On March 31, the Department of Labor (DOL) published a Notice of Proposed Rulemaking (NPRM) titled “Fiduciary Duties in Selecting Designated Investment Alternatives.” The proposed rule clarifies what it means for retirement plan fiduciaries to act prudently when selecting investment options, including alternative assets such as private equity, real estate, digital assets, and infrastructure, for defined contribution plans like 403(b)s and 401(k)s. The rule also establishes a safe harbor that fiduciaries can follow to demonstrate compliance with their duties under the Employee Retirement Income Security Act of 1974 (ERISA).
The proposed rule carries a public comment period that closes June 1, 2026.
Background
The proposed rule stems from President Trump’s August 2025 executive order (EO 14330), “Democratizing Access to Alternative Assets for 401(k) Investors,” which directed the DOL to clarify ERISA fiduciary standards in connection with offering investment options that include alternative assets.

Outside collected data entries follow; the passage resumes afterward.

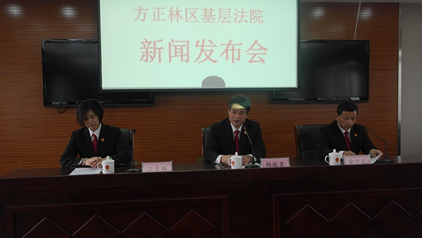 新闻发布会由新闻发言人、政工科科长王立群主持,副院长韩德勇、审管办审判员金少文作新闻发布,方林电视台记者、社区干部、群众代表等参加此次新闻发布会。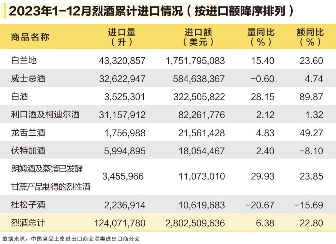數據顯示,2023年,我國烈酒進口量為1.24億升,同比增長6.38%;進口額28億美元,同比增長22.8%。烈酒市場份額占比高達60%。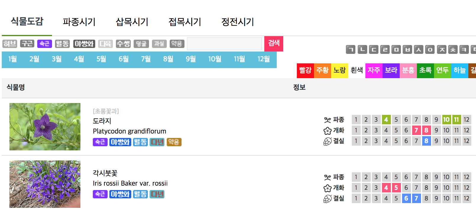 식물도감리스트에서 숙근식물을 체크하면 숙근식물만 검색이 되고 도감리스트나 식물상세정보에서 숙근식물인 경우 아이콘으로 표시됩니다.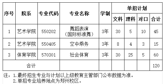 商丘校区招生计划中含有退役士兵单列计划30人、免试技能拔尖人才单列计划20人,学校招生计划可根据各类别考生报考情况按比例进行划分。最终各专业招生计划以上级招生管理部门公布为准。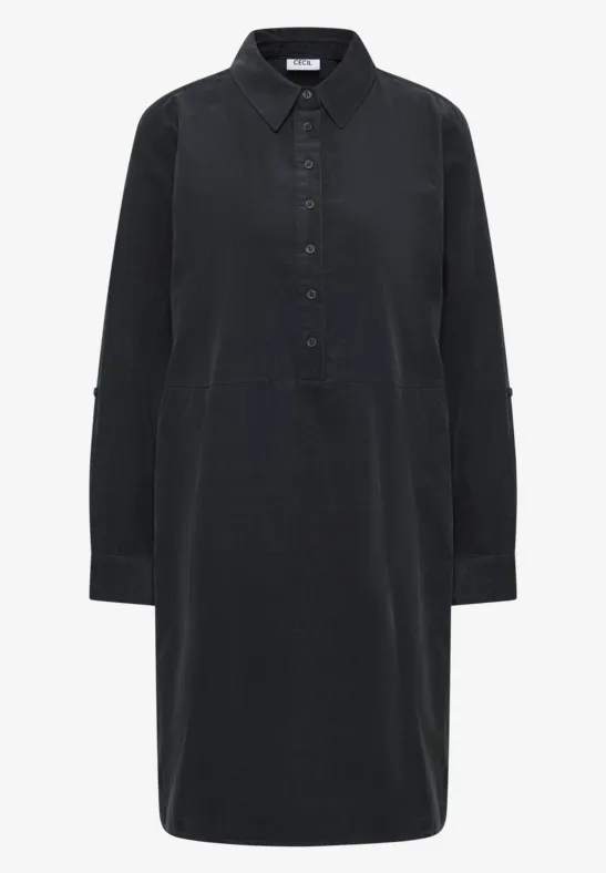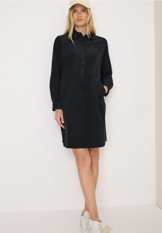 Deze effen corduroy jurk van CECIL voor dames is gemaakt van puur katoen en voelt aangenaam zacht aan. De overhemdkraag, 3/4-mouwen met omslagfunctie en decoratieve knoopsluiting geven de knielange jurk een casual look. De steekzakken maken het comfortabele ontwerp praktisch af.

The order identified regulatory uncertainty and litigation risk as barriers that have discouraged plan fiduciaries from offering participants access to a broader range of investments that could potentially improve retirement outcomes.

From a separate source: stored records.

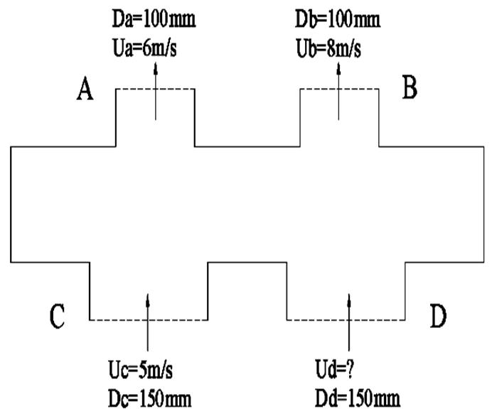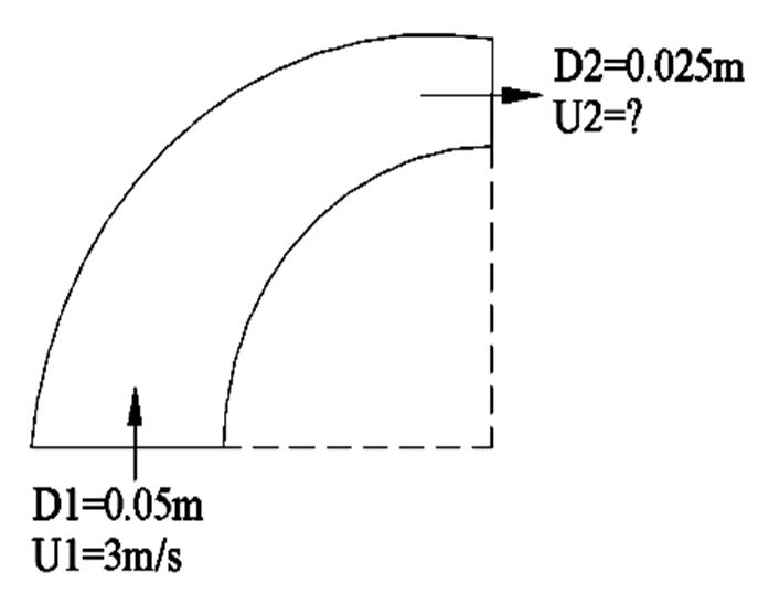 ¹Ï¤¤Ås90∘¤§¤ôºÞ¤J¤ô¦ì¤º®|D1¬O50 mm¤J¤ôÀ£P1¬°3000 N/m2¡A¬y³tU1¬O3 ms-1¡F¥X¤ô¦ì¤§¤º®|D2¬O25 mm¡A¥X¤ôÀ£P2¬°2000 N/m2¡A¬y¶qºû«ù3 mins«á²×¤î¡C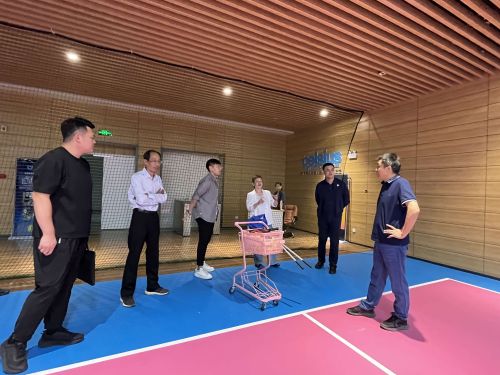 一行对郑东新区市民体育公园内的多个运动场馆进行了实地考察,参观了室内游泳、匹克球、羽毛球、篮球、乒乓球等场馆,对场馆管理、制度建设进行了全面了解与探讨。在参观过程中,他们还亲身体验了2024年巴黎奥运会表演项目——匹克球运动。匹克球作为连续三年引领全球运动人口增长最快的新兴体育项目,学院访问团通过亲身体验对体育项目的前沿发展获得了更为直观的认识。这一体验对于学院在体育教育、运动训练以及体育赛事管理等多个领域的学习与实践,具有重要的指导意义。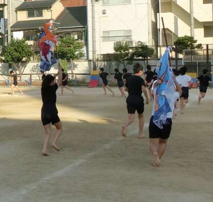 今月始め頃から作ってきた大漁旗も仕上がり、今週から実際に入退場の練習でも太鼓の音に合わせて使用しています。

Details of the Proposed Rule
Rather than limiting the rule’s scope only to alternative asset investments (as directed by the executive order), the DOL has taken a broader approach. The proposed rule addresses a fiduciary’s duty of prudence when selecting any designated investment alternative — the investment options made available to participants on a plan’s menu. The department states that this approach is consistent with its longstanding practice of providing investment-neutral guidance that does not favor or disfavor any particular type of investment.

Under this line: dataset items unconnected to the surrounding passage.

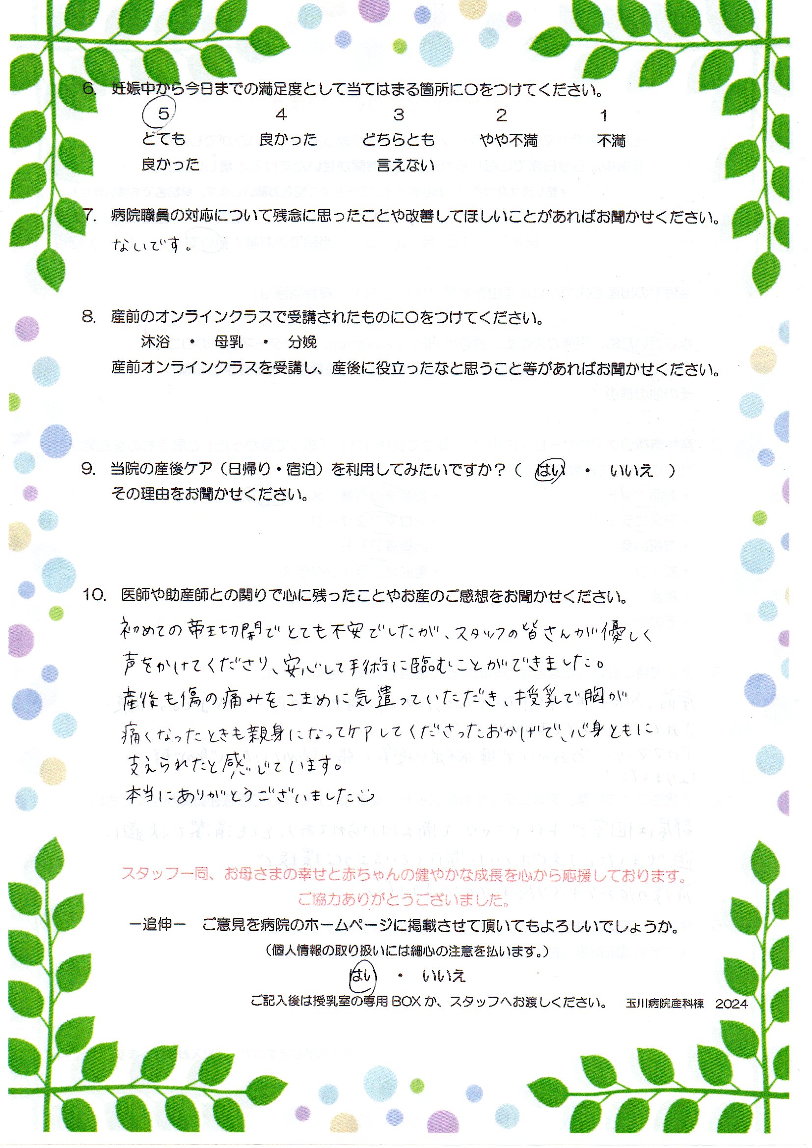 初めての帝王切開でとても不安でしたが、スタッフの皆さんが優しく声をかけてくださり、安心して手術に臨むことができました。産後も傷の痛みをこまめに気遣っていただき、授乳で胸が痛くなったときも親身になってケアしてくださったおかげで、心身ともに支えられたと感じています。本当にありがとうございました☺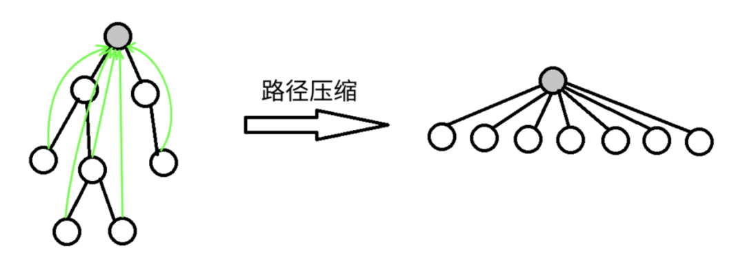 在一个集合内,我们其实只关心每个子节点所在集合的代表是谁,并不关心它的父亲是谁。如果把在路径上的每个节点都直接连接到根上 ,则提高了find效率,这就是路径压缩。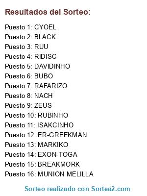 Lista de participantes: BREAKMORK, RUBINHO, NACH, ER-GREEKMAN, RUU, MUNION MELILLA, BUBO, RIDISC, DAVIDINHO, BLACK, ISAKCINHO, CYOEL, ZEUS, EXON-TOGA, MARKIKO, RAFARIZO.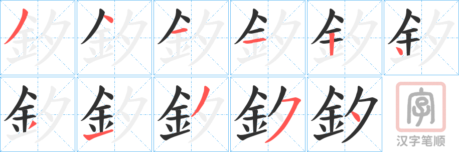 简体部首:釒部 部外笔画:3画 总笔画:11画 造字法: 可拆字为“金 夕”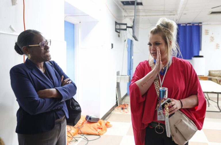Executive Director Vauna Hernandez, left, and Heather Beaubien talk after a recovery education meeting at Phoenix Recovery Support Services in the Austin neighborhood on June 13, 2023. (John J. Kim/Chicago Tribune)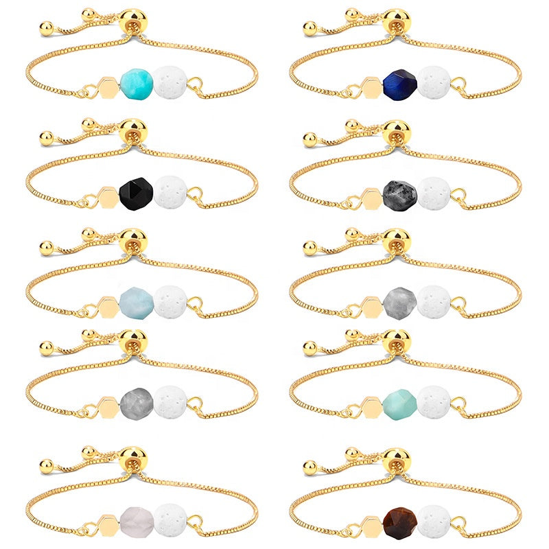 Handmade Adjustable 14k Gold Plating Natural Stone Beaded Minimalist Bracelet For Women Men

The DOL relies on three key principles in the proposal to assert its goal of allowing fiduciaries to offer investment options with alternative assets:
- ERISA is grounded in process.
- ERISA gives maximum discretion and flexibility to plan fiduciaries in selecting designated investment alternatives.
- Arbiters of disputes should defer to ERISA fiduciaries under a presumption of prudence.
The proposal also includes a process-based safe harbor built around six factors that fiduciaries should consider when selecting a designated investment alternative: performance, fees, liquidity, valuation, performance benchmarking and complexity. According to the proposal, plan fiduciaries are entitled to significant deference in selecting alternative assets if each of these factors is considered objectively, thoroughly and analytically.
What’s Next
The proposal impacts the regulatory scheme for sponsors of participant-directed defined contribution retirement plans. Institutions should work with third-party vendors to understand the changes proposed.